Exercise brief: Find the word "incorporate" in the listing, and copy out each line where it turns up.
-- -- --
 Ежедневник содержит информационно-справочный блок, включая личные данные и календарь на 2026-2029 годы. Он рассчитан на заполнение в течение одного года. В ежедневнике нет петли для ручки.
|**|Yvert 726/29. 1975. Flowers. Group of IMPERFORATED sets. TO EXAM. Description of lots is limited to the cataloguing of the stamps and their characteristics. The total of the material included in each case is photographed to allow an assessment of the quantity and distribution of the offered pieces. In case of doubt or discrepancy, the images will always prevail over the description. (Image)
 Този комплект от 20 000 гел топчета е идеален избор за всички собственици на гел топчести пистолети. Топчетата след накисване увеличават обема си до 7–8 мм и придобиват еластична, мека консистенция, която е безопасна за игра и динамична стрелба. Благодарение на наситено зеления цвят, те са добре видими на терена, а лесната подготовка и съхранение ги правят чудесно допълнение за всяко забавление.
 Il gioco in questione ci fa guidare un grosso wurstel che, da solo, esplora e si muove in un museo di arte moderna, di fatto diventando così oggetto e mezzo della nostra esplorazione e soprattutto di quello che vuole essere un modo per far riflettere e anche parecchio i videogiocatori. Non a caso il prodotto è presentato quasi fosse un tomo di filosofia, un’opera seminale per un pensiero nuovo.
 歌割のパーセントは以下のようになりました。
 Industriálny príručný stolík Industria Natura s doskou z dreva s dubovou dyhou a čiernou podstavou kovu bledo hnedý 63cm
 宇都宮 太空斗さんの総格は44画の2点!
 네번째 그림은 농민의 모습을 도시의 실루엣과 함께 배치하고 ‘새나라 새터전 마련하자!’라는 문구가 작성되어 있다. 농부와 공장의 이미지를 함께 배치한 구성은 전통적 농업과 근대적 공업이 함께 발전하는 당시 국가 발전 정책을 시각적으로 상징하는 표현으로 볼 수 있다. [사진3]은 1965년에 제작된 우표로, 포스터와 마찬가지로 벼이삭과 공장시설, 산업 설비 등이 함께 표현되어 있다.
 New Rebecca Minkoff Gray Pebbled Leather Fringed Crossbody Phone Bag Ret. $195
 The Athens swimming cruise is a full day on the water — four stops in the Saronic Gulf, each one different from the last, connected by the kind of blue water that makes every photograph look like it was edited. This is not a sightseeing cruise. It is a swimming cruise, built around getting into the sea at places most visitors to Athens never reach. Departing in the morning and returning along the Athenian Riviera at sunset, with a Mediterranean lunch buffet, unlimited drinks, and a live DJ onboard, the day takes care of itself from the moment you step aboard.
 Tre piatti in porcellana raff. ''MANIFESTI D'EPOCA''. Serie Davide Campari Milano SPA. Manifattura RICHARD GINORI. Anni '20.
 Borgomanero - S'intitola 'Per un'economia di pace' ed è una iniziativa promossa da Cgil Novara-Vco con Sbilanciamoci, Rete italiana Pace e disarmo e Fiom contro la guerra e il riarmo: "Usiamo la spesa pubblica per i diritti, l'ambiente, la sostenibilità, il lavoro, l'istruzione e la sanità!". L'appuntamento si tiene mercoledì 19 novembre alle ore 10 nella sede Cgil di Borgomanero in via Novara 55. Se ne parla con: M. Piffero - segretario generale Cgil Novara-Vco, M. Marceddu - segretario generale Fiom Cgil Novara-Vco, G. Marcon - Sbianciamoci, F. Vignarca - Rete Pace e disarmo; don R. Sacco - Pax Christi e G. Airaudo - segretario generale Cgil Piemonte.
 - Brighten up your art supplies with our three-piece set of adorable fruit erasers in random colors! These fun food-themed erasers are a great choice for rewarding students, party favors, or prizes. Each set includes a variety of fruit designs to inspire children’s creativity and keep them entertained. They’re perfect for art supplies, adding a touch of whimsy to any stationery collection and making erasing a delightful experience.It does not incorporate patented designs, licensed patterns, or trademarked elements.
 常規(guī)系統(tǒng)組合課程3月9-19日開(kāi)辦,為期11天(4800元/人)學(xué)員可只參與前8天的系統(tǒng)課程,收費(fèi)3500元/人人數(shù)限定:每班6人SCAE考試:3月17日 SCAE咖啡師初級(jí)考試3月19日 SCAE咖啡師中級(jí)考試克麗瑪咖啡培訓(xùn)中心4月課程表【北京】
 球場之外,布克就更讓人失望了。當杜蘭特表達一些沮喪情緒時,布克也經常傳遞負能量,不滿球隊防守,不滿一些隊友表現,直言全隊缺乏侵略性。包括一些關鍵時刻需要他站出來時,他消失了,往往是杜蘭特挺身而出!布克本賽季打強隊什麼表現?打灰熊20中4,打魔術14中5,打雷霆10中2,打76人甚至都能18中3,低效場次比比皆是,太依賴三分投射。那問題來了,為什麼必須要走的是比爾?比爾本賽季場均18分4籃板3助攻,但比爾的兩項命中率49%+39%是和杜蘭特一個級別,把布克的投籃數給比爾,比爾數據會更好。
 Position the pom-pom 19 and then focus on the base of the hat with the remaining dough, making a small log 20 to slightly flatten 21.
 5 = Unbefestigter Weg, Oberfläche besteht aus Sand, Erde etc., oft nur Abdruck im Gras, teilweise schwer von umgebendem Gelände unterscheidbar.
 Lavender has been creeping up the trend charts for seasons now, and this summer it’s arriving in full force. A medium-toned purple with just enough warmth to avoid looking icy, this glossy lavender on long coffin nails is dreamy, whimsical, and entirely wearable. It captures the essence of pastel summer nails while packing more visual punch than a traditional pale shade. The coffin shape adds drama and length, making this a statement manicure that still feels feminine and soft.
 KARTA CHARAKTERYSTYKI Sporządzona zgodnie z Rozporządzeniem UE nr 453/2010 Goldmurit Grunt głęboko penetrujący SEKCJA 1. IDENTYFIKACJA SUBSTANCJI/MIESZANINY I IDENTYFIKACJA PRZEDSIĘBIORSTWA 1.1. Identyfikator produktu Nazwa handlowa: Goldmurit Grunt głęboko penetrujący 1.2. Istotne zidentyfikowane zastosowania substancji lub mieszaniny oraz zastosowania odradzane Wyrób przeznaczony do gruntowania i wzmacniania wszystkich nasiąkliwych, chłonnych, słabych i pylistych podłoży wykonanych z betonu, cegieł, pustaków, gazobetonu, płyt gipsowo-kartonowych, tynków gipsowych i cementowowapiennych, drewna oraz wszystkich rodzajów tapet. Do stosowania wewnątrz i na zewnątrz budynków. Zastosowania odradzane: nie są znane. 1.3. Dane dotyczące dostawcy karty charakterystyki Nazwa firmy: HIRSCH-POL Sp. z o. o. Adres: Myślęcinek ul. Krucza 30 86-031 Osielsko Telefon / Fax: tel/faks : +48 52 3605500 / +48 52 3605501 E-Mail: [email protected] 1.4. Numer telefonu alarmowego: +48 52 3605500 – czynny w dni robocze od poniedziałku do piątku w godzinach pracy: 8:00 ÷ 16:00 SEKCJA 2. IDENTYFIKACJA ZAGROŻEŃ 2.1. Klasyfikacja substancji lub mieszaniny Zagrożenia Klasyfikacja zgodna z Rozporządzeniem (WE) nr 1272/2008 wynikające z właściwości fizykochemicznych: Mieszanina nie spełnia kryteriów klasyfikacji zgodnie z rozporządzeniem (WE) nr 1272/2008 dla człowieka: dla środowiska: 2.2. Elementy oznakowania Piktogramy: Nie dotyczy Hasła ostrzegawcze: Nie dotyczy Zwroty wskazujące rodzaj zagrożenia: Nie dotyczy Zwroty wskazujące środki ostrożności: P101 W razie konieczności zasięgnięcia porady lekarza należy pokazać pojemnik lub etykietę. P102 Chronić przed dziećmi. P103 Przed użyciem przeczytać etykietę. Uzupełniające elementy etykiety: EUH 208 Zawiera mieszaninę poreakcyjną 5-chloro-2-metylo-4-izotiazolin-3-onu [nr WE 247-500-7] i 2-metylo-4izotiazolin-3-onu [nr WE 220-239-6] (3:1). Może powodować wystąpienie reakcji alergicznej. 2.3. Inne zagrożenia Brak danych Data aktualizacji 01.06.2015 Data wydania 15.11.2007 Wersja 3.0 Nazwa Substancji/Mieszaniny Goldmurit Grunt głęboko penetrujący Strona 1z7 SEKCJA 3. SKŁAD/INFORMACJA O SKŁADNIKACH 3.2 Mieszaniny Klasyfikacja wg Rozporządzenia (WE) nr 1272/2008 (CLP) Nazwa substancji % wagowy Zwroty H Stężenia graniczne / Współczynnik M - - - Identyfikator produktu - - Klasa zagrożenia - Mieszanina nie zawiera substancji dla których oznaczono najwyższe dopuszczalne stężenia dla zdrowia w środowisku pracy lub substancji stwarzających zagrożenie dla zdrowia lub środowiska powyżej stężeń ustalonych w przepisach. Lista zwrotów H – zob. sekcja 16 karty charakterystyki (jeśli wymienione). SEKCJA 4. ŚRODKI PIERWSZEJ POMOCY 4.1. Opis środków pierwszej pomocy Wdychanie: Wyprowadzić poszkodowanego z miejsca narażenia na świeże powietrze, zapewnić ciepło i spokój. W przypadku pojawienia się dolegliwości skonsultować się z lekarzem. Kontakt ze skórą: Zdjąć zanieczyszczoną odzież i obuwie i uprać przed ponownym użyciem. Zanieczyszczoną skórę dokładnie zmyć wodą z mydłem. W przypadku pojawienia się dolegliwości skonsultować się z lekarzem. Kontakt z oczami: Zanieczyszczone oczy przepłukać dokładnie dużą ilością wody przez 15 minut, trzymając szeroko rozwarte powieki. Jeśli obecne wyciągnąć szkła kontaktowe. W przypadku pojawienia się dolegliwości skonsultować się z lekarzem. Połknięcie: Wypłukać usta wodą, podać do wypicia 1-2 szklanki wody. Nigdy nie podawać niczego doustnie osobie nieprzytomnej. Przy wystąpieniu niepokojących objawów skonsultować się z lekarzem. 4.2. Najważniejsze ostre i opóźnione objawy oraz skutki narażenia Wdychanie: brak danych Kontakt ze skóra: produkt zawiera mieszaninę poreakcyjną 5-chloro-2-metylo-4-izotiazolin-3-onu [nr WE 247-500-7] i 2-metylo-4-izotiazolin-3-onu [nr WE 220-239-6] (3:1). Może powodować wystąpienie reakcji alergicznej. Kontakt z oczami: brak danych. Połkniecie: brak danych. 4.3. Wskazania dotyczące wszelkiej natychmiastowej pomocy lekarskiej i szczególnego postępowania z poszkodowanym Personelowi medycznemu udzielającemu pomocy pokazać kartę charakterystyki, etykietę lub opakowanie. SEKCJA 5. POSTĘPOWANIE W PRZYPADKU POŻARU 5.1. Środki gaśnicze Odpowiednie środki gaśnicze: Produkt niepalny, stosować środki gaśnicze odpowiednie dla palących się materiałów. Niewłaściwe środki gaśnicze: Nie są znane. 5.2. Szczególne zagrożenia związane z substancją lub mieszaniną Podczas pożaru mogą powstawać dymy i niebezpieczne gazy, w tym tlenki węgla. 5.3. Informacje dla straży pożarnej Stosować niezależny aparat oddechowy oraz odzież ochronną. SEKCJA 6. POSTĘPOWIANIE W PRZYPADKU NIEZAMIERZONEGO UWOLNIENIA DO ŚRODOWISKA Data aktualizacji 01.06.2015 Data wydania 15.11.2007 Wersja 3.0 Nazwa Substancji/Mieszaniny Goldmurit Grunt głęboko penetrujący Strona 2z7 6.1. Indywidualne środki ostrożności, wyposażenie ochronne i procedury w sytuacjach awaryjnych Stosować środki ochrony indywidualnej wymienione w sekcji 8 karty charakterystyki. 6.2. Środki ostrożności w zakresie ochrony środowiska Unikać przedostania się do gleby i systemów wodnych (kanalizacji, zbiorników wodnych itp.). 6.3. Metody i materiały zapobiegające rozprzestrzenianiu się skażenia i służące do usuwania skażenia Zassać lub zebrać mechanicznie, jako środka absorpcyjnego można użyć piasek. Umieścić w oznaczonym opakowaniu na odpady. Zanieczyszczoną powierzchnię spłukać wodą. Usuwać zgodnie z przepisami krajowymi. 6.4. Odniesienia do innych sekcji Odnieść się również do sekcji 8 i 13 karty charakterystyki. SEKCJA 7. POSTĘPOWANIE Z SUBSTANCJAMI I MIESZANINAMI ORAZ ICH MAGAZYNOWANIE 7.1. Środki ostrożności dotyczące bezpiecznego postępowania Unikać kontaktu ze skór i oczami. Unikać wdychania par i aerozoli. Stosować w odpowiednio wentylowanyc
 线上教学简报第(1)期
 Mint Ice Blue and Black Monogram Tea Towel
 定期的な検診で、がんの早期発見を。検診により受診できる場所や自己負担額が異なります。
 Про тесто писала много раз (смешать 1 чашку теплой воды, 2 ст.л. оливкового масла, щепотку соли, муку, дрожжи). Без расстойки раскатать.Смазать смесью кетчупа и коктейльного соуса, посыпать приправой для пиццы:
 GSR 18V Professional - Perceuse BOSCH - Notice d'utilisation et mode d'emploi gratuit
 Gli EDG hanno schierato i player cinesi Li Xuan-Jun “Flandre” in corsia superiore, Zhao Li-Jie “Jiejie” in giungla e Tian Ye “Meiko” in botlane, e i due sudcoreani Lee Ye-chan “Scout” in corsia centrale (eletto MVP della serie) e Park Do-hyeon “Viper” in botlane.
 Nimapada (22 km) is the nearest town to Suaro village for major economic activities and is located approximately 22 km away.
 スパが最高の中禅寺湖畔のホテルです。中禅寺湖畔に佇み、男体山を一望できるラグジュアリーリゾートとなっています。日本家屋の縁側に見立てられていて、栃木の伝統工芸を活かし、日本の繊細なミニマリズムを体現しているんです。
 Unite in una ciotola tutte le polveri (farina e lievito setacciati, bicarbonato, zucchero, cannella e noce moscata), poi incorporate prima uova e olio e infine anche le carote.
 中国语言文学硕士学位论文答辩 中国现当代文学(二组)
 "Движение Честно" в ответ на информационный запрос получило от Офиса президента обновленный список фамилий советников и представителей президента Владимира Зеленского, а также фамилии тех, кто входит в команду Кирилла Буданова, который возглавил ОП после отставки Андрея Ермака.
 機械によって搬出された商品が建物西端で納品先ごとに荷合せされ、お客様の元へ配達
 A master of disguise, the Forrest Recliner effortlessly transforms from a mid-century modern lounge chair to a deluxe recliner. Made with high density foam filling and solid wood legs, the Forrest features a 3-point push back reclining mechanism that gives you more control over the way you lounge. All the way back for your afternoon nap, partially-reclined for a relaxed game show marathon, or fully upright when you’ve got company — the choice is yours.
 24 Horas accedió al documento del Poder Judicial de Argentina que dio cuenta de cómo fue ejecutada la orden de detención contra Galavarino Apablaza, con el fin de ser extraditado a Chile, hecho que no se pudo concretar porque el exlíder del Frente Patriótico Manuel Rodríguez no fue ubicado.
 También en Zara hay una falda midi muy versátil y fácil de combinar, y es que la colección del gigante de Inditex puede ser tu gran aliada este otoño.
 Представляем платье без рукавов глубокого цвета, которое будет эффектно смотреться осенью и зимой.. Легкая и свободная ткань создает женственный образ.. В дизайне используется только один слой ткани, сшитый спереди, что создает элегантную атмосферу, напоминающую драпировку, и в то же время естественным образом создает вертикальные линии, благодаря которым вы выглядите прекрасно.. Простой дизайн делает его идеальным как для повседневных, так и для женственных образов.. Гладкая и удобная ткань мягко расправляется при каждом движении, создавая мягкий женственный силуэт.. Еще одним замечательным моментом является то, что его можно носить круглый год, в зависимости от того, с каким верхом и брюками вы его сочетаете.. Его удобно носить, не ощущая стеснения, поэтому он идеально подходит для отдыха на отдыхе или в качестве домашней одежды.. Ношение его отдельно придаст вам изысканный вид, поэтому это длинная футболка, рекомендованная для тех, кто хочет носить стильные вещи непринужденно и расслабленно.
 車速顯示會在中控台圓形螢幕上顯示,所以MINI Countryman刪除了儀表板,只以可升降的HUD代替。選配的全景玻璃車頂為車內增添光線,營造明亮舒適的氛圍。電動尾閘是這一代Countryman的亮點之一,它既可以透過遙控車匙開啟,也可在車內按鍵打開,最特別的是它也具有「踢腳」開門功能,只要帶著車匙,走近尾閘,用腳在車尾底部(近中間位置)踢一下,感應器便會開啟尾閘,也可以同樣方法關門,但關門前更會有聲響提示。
-- -- --
Exercise response:
 - Brighten up your art supplies with our three-piece set of adorable fruit erasers in random colors! These fun food-themed erasers are a great choice for rewarding students, party favors, or prizes. Each set includes a variety of fruit designs to inspire children’s creativity and keep them entertained. They’re perfect for art supplies, adding a touch of whimsy to any stationery collection and making erasing a delightful experience.It does not incorporate patented designs, licensed patterns, or trademarked elements.
 Unite in una ciotola tutte le polveri (farina e lievito setacciati, bicarbonato, zucchero, cannella e noce moscata), poi incorporate prima uova e olio e infine anche le carote.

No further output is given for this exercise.